Dataset entries
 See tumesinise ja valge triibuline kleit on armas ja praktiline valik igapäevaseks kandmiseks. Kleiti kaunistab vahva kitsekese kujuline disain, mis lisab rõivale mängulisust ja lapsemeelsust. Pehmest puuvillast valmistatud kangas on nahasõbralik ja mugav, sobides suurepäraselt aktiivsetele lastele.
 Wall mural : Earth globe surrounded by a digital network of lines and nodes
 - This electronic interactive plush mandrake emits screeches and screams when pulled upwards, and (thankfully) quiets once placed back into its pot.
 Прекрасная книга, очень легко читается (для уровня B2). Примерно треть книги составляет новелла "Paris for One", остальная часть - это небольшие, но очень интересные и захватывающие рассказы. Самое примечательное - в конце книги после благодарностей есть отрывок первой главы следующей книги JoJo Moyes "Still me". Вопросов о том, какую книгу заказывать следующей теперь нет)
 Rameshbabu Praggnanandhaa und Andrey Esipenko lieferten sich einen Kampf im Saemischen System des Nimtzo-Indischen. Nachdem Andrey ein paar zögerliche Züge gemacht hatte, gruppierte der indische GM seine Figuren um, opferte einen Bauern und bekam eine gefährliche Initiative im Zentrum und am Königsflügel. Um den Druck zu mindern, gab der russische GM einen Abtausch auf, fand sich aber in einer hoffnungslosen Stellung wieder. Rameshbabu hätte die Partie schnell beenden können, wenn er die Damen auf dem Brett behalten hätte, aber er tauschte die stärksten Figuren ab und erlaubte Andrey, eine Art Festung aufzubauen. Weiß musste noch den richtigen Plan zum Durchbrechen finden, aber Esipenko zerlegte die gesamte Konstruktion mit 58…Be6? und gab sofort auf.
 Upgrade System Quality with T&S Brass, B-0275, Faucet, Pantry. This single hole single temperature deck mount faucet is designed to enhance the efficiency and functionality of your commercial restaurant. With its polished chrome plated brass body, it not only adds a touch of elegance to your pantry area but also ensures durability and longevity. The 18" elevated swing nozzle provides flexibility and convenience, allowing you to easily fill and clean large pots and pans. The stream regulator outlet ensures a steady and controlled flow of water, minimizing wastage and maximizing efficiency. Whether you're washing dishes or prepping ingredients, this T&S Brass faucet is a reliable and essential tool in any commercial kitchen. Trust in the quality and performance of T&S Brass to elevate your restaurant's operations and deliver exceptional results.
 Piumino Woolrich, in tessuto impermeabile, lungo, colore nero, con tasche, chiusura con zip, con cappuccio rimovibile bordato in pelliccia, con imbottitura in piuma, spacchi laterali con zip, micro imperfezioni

Problem to solve: Your answer must be the lines above, unchanged, from the first one through the line that holds "Прекрасная книга, очень", inclusive, and no others.

Exercise result:
 See tumesinise ja valge triibuline kleit on armas ja praktiline valik igapäevaseks kandmiseks. Kleiti kaunistab vahva kitsekese kujuline disain, mis lisab rõivale mängulisust ja lapsemeelsust. Pehmest puuvillast valmistatud kangas on nahasõbralik ja mugav, sobides suurepäraselt aktiivsetele lastele.
 Wall mural : Earth globe surrounded by a digital network of lines and nodes
 - This electronic interactive plush mandrake emits screeches and screams when pulled upwards, and (thankfully) quiets once placed back into its pot.
 Прекрасная книга, очень легко читается (для уровня B2). Примерно треть книги составляет новелла "Paris for One", остальная часть - это небольшие, но очень интересные и захватывающие рассказы. Самое примечательное - в конце книги после благодарностей есть отрывок первой главы следующей книги JoJo Moyes "Still me". Вопросов о том, какую книгу заказывать следующей теперь нет)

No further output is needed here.